“The past is never dead,” Faulkner famously said. “It isn’t even past.” As if to prove him right, the press stayed busy last week exploring the dubious narrative of how President Bush got into, and out of, service in the National Guard during the Vietnam War, eyeing its implications for the coming election. Not to be outdone, Republicans seized on a recently unearthed Crimson interview of John Kerry from his youthful war-protesting days, as well as two photos (one real, one forged) of him appearing within sight of Jane Fonda, hated to this day by many veterans for her anti-war views. It was another sign that the ghosts of Vietnam are alive and howling this political cycle. From the strained Vietnam-Iraq analogy to the Kerry-Clark competition over who was more of a war hero, much of this election is happening in terms of that painful experience. Yet pundits and politicians this year have mostly ignored one of the most important episodes of the Vietnam era: the violence surrounding the 1968 Democratic Convention.

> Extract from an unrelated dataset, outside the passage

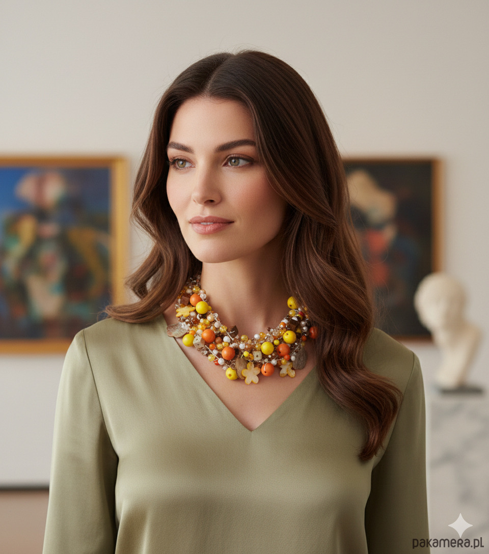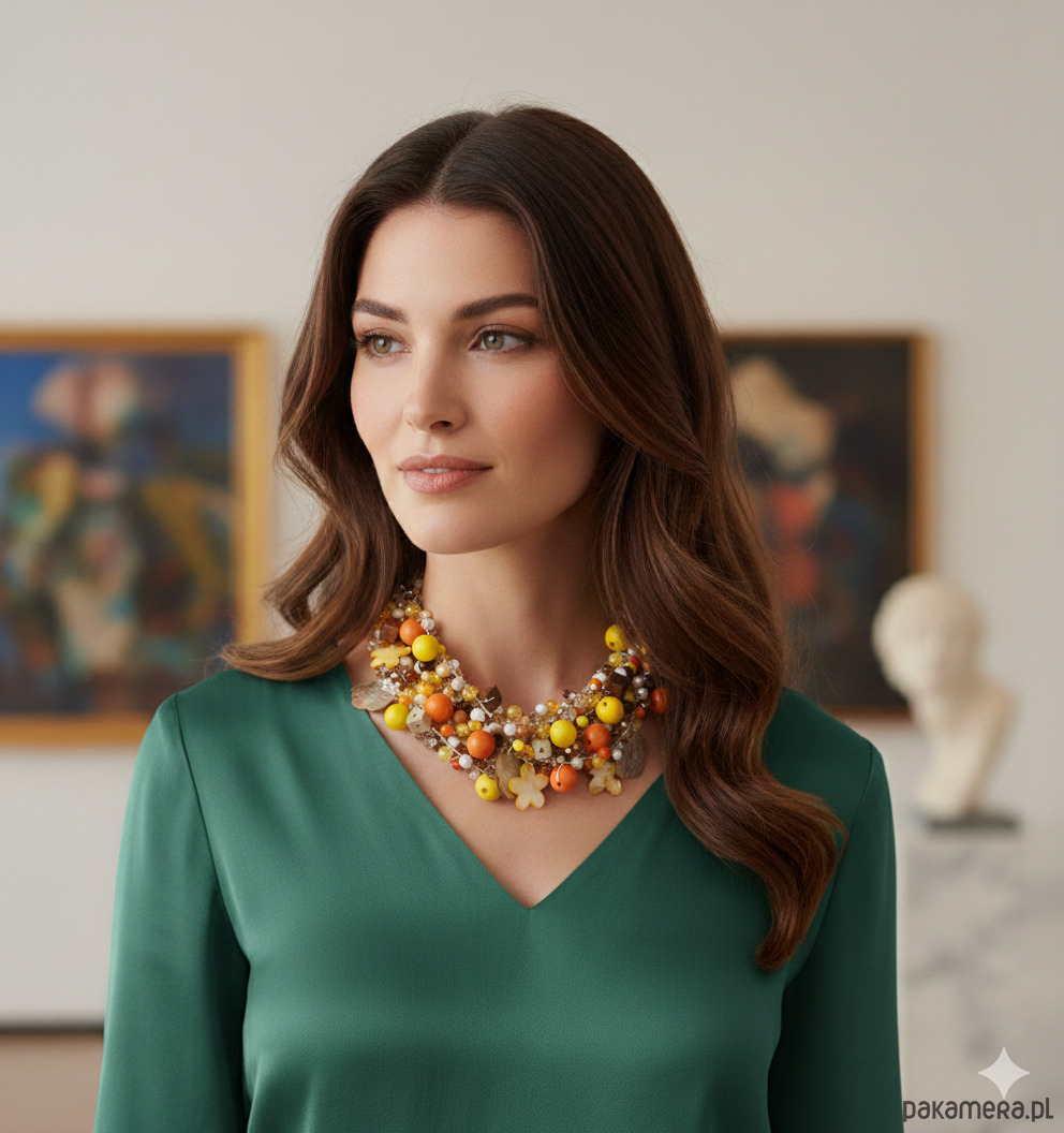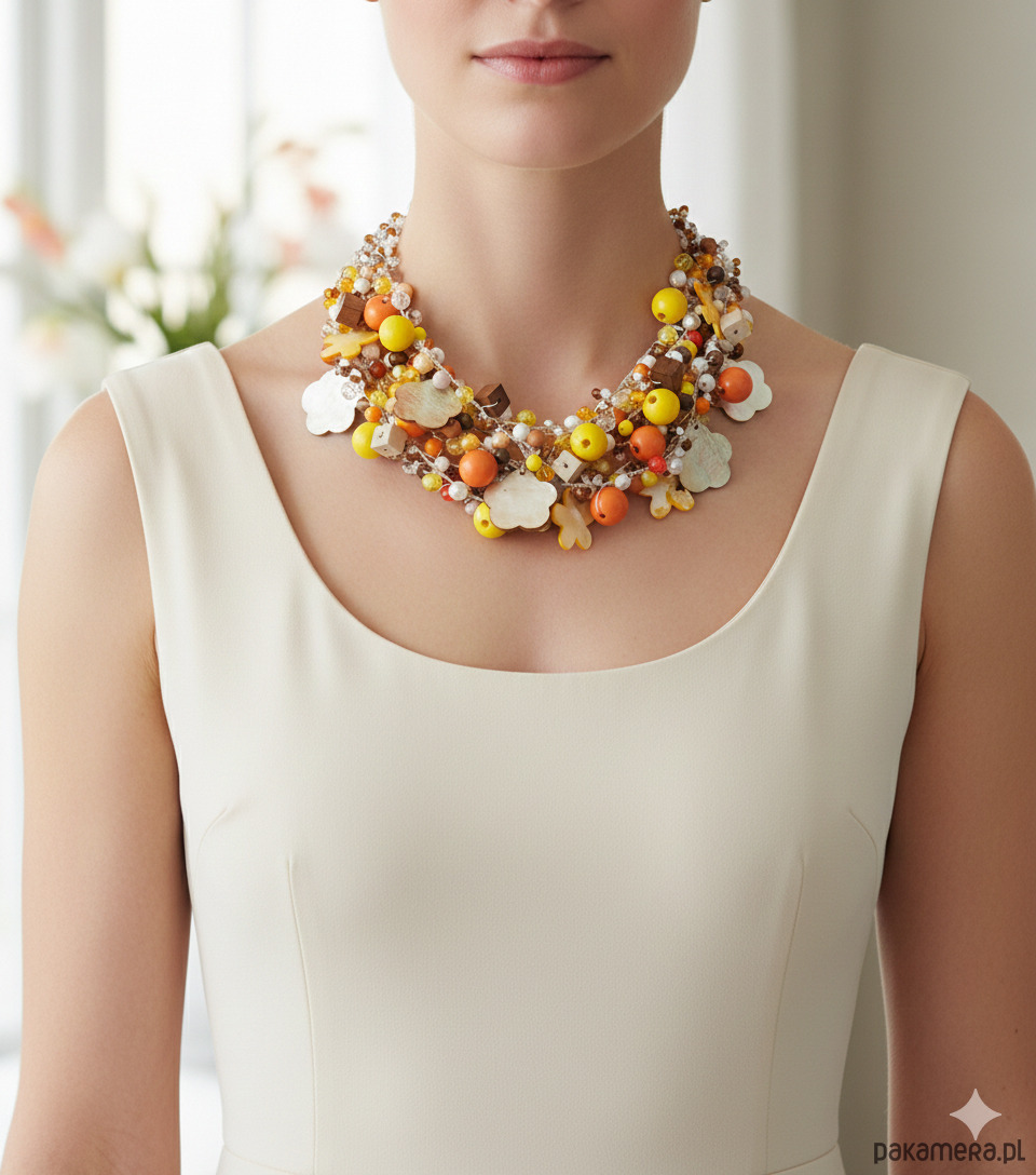 - Typ naszyjnika: wielorzędowy, koralikowy, statement

When Democrats convened in 1968 to nominate Hubert Humphrey in Chicago, violence erupted in the surrounding streets as law enforcement clashed with students gathered to protest Lyndon Johnson’s war. Inside the hall, one Senator denounced the “Gestapo tactics” of Mayor Daley’s police, while the nation watched aghast as their televisions carried images of students being beaten outside. Incredibly, no one was killed, but the violence became one of many bitter moments etched in the nation’s memory of the turbulent ’60s.

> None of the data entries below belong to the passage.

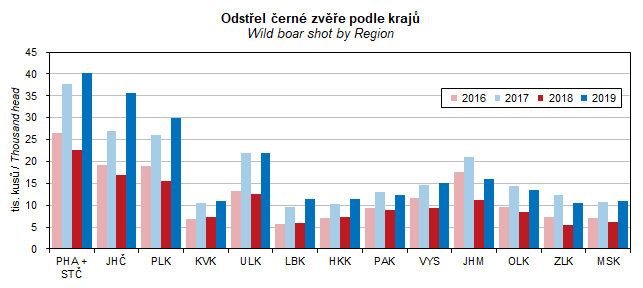 Graf 31. Odstřel černé zvěře podle krajů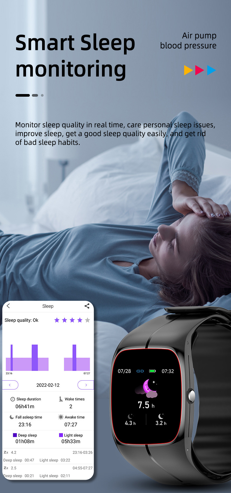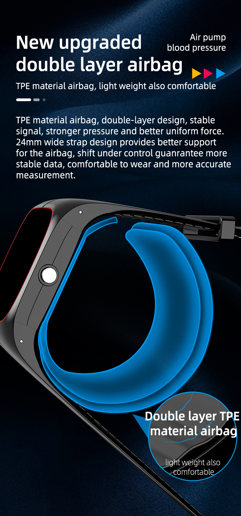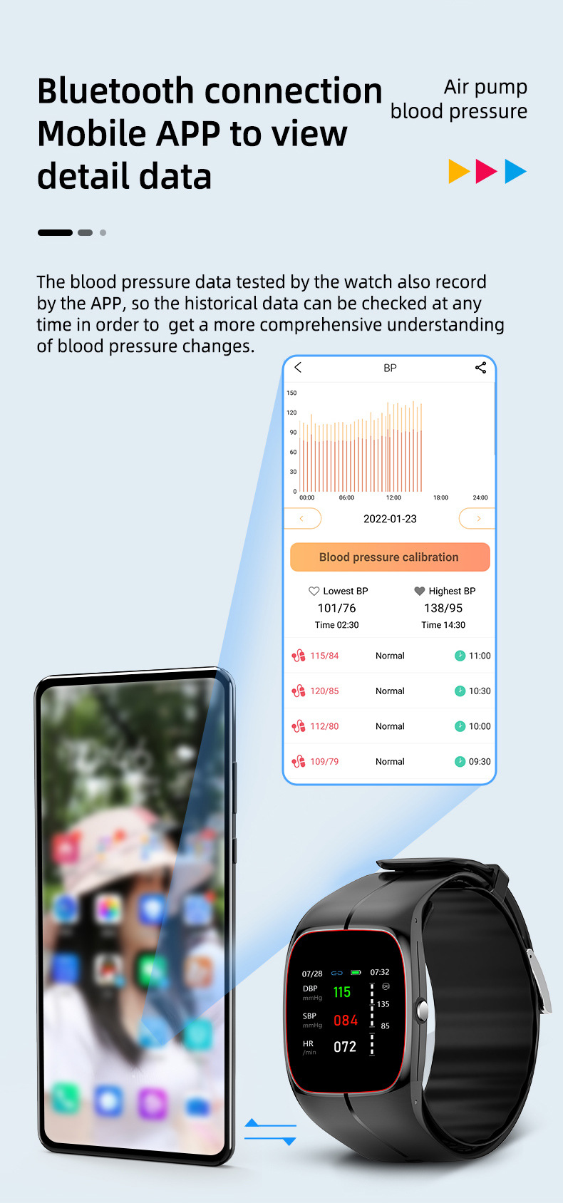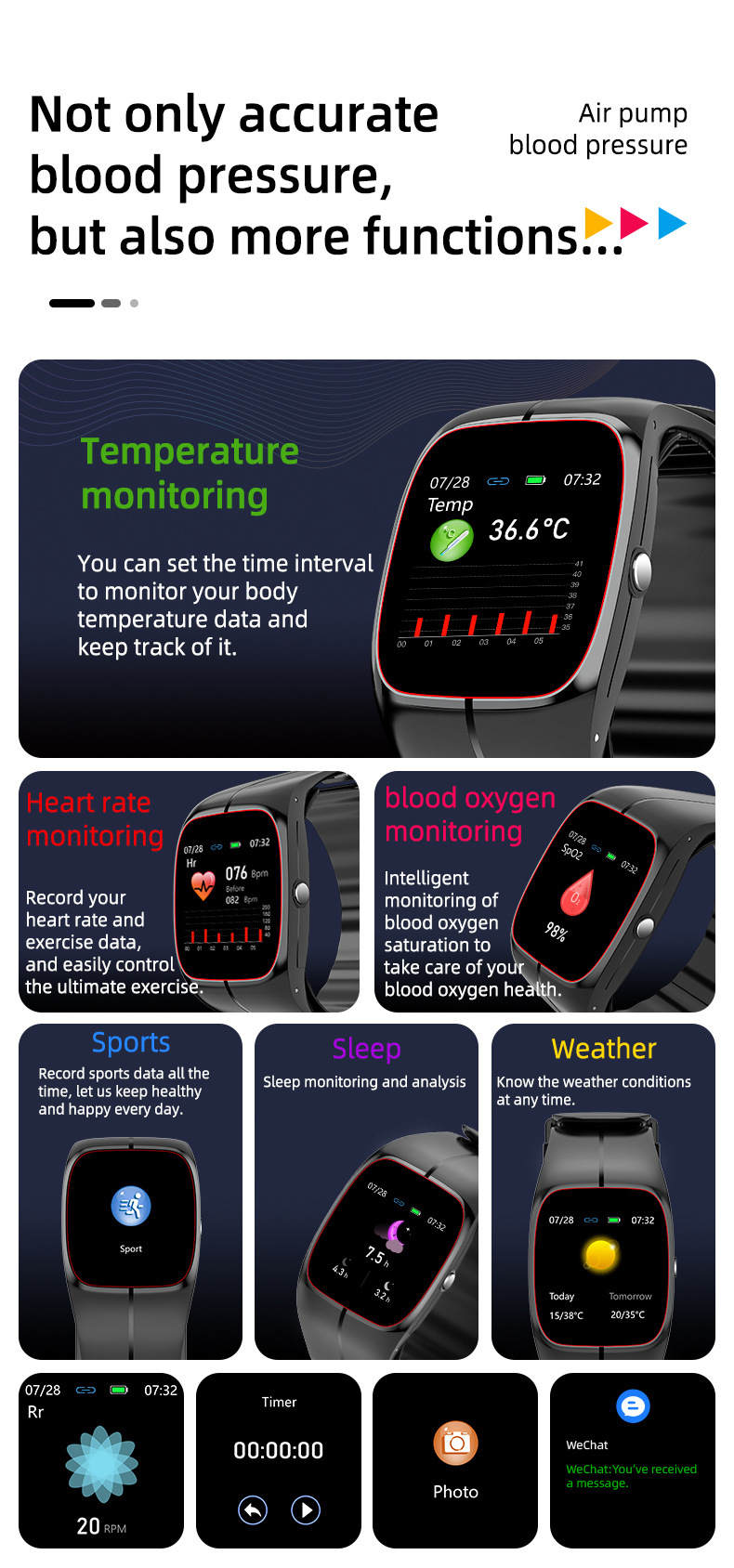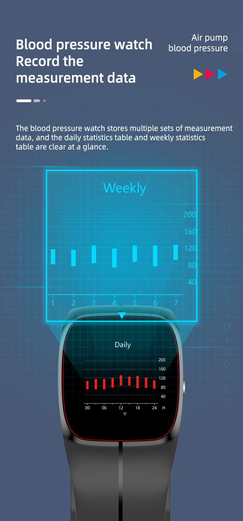 Functions: step counting, heart rate monitoring, blood pressure measurement, smart reminder, remote control selfie, sleep monitoring, blood oxygen detection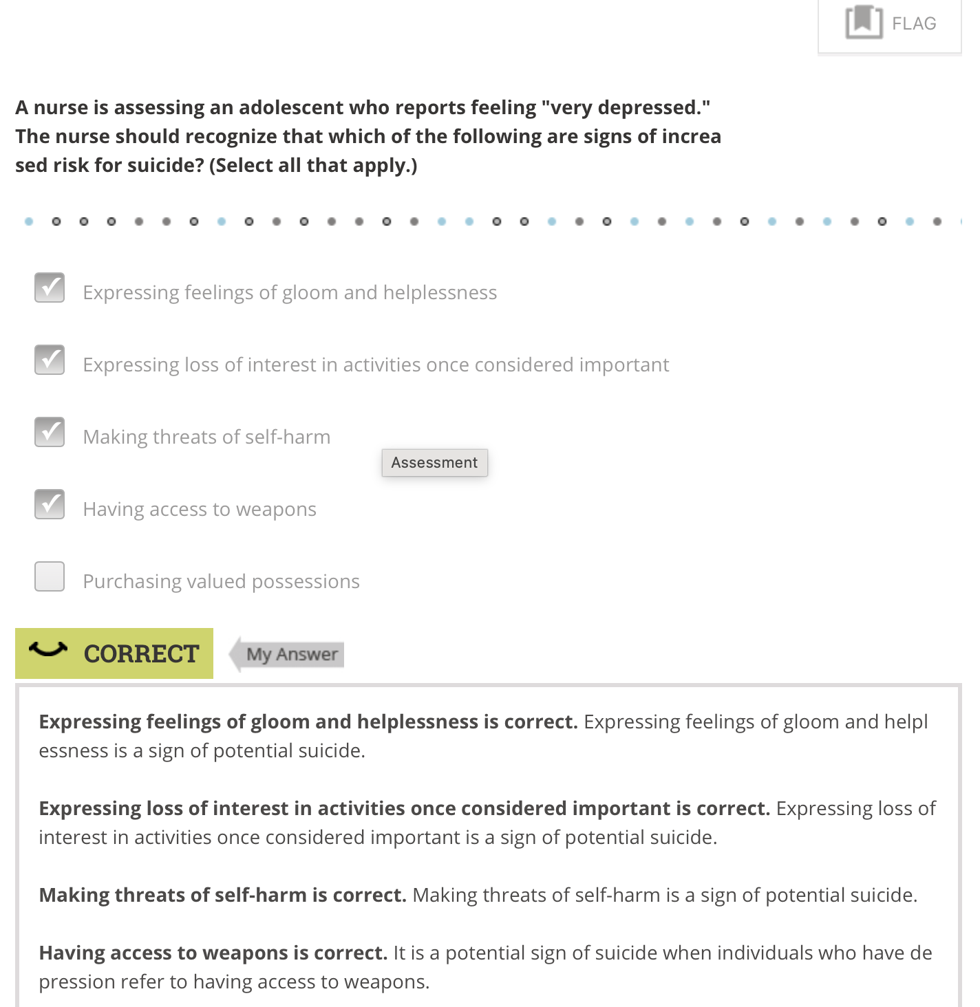 A nurse is assessing an adolescent who reports feeling "very depressed." The nurse should recognize that which of the following are signs of increa sed risk for suicide? (Select all that apply.)

The world is very different now. Conventions have devolved from intense and unpredictable political events to vacuous and scripted shows, and George W. Bush is about as different from LBJ as a Texan president could be. But the way things are shaping up, America will have to take care to avoid an ugly and familiar scene at the 2004 Republican convention in New York City.
It was about a year ago that the RNC announced that the Republicans would convene in New York, even though they had avoided that city as a convention site for 150 years, and that they would hold the convention in September, even though these things are usually done in July. Of course, the GOP scoffed at allegations that the location and scheduling had anything to do with a desire to use 9/11 for political gain. At the time, it seemed like a clever (if sinister) move; but now, some think it will backfire.
Politically speaking, the tragedy of 9/11 just isn’t what it used to be for Bush. Once an automatic applause line for the president, it is showing signs of turning into a vulnerability. Bush is taking increasing heat for his reluctance to cooperate with the federal commission investigating the attacks, most recently in the form of an outraged demand from the Family Steering Committee that he testify in public to the commission, providing a series of embarrassing questions for him to answer. It’s another sign that the attacks are no longer a bulletproof vest for the president—and if his political force-field fizzles, New York may be about the last place he’ll want to visit.
The City is a liberal stronghold, and one of the hottest spots for the massive anti-war protests that began one year ago last week. Among the millions who demonstrated worldwide, at least a hundred thousand were on the streets of New York, in a throng that stretched 20 blocks long and three wide. So it’s hard to imagine a sedate response when the entire Republican power structure descends on New York to re-affirm their commitment to four more years of this presidency.
In a tiny hint of what lies ahead, the New York Times reported last week on an episode of street theater by a group called “Billionaires for Bush,” which gathered outside a posh Republican fundraiser in the City, chanting mock slogans like “Four More Wars” and “Re-Elect Rove.” A group advocating for the poor has already vowed to erect “Bushville” tent cities around the convention site, and websites like rncnotwelcome.org offer resources to New Yorkers and travelers who seek to “subvert this carefully staged affair.” (The GOP seems to be taking this seriously, having quickly bought up the similar-sounding rncnotwelcome.com address and linking it to their own party website.) In a city where 81 percent of the residents voted for Al Gore, the capital of the blue states, it’s hard to imagine that organizers will have a hard time generating a massive demonstration.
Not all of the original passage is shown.